I was sad and alone. I was probably depressed and, while I was still able to be a really good mom, I felt so empty. It sounds cliche, but money can't buy love. It can't buy happiness. It can't buy morals and values. Don't get me wrong, I’m still sort of a girly girl and I totally take after my grandmother in some ways…I love the vintage Louis Vuitton suitcase she handed down to me, I love the quality craftsmanship of my Gucci handbag and sunglasses, my Rolex, my diamond engagement ring from Tiffany's. But, if I had none of those material things, I know I would wake up tomorrow and be completely ok. Hell, I shopped at Walmart and Goodwill all through college and for over a decade after we were first married and I found some pretty great things that I still own to this day!
By the grace of God, I met and am now engaged to the most amazing man. He is truly my other half, my better half. We have the same thoughts and values. I know what real love is supposed to be, now. He says, "I love you" every day, several times a day. And, it's not just "love you", it's "I love you". That "I" means so much to me.

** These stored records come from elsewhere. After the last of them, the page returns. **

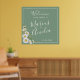 Pretty wedding design features watercolor white daisies corner on basil green background with white customizable text blocks in modern fonts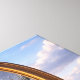A mirror resting on sand reflects a snowy landscape beneath a summer sky.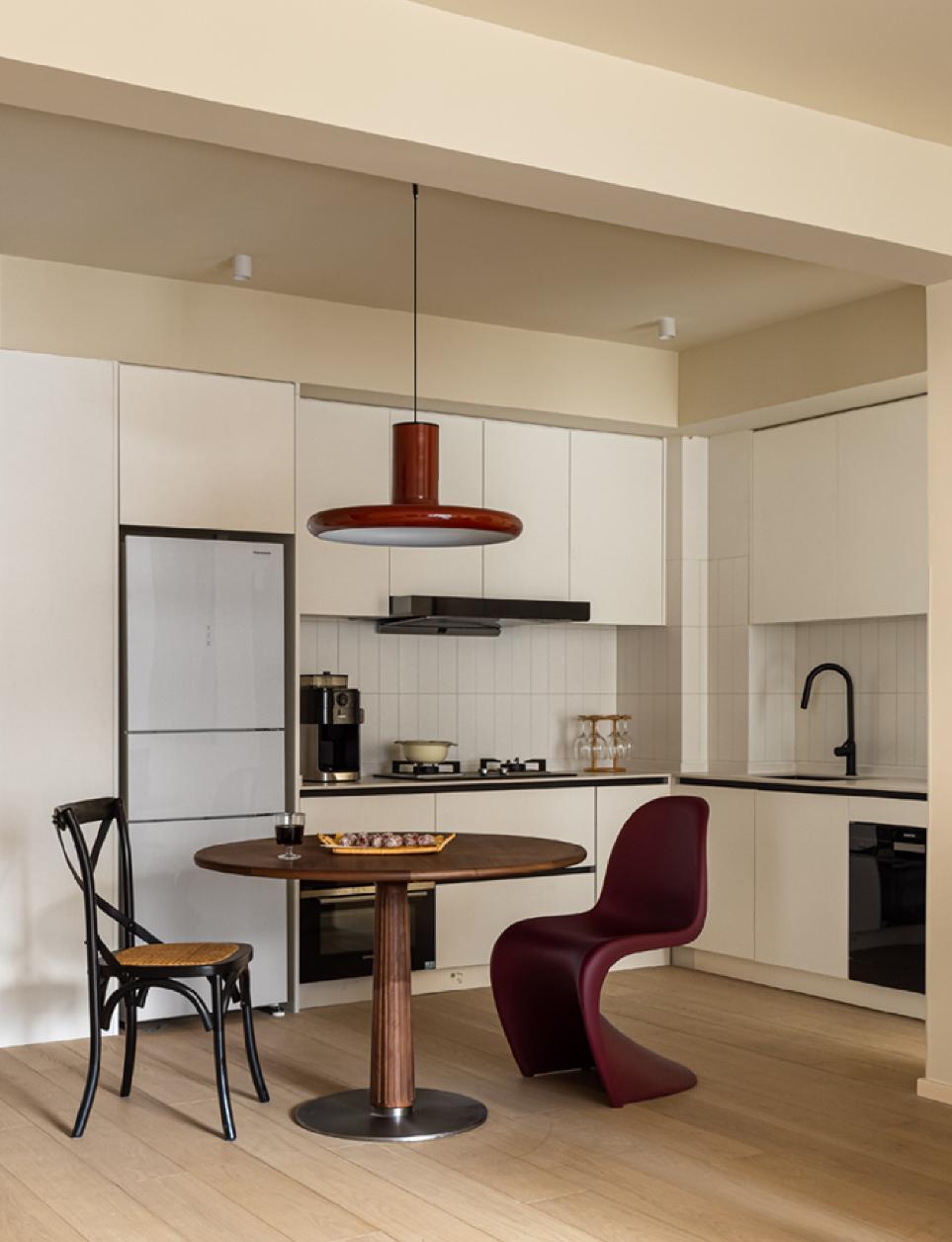 一个人独居,无需一个标准的餐厅。一张中古的实木圆桌,一把时尚的潘通椅,反而让空间在灵活、松弛中,彰显出了独有的用餐仪式感。

Is he a doctor? No, thankfully (haha, just kidding Dad, but I know you know what I mean). Is he a lawyer? No. Is he the CEO of some Fortune 500 company? No. He has a great job, works with some awesome people but I'm pretty sure he would be able to find joy in pouring an asphalt highway in the summer in Arizona.
It took me a while to figure out why he has this happy and peaceful approach to life. It's because his priorities are so perfectly in order.
God first, then family, then work.
Does he spoil me? Absolutely, every single day. He spoils me with hugs and kisses, with compliments (that are so hard for me to take!), with a cup of coffee in the morning or a glass of wine at the end of a long day. He spoils me with his presence; dinner with us and playing baseball with the kids in the yard. He spoils me with the things that matter in life. Can we buy that white Range Rover? Not today. Maybe someday. Maybe not. But, what he has given me is something even bigger. He has given my children something even bigger. He has given me a deep, unconditional love and a relationship that, I hope and pray, my girls find when they are grown women. My girls see this now and they “get“ it.
My dad worked so hard to pave a road for all of us children. He still works hard to keep us on, or bring us back, to that paved road. And mine broke. But that broken road, all of that hard work and sacrifice and effort I put in to someone else's career while trying to save a failing marriage, showed me that money truly can't buy everything. And, ironically, I can honestly say I feel richer today in so many ways. In so many ways that truly matter.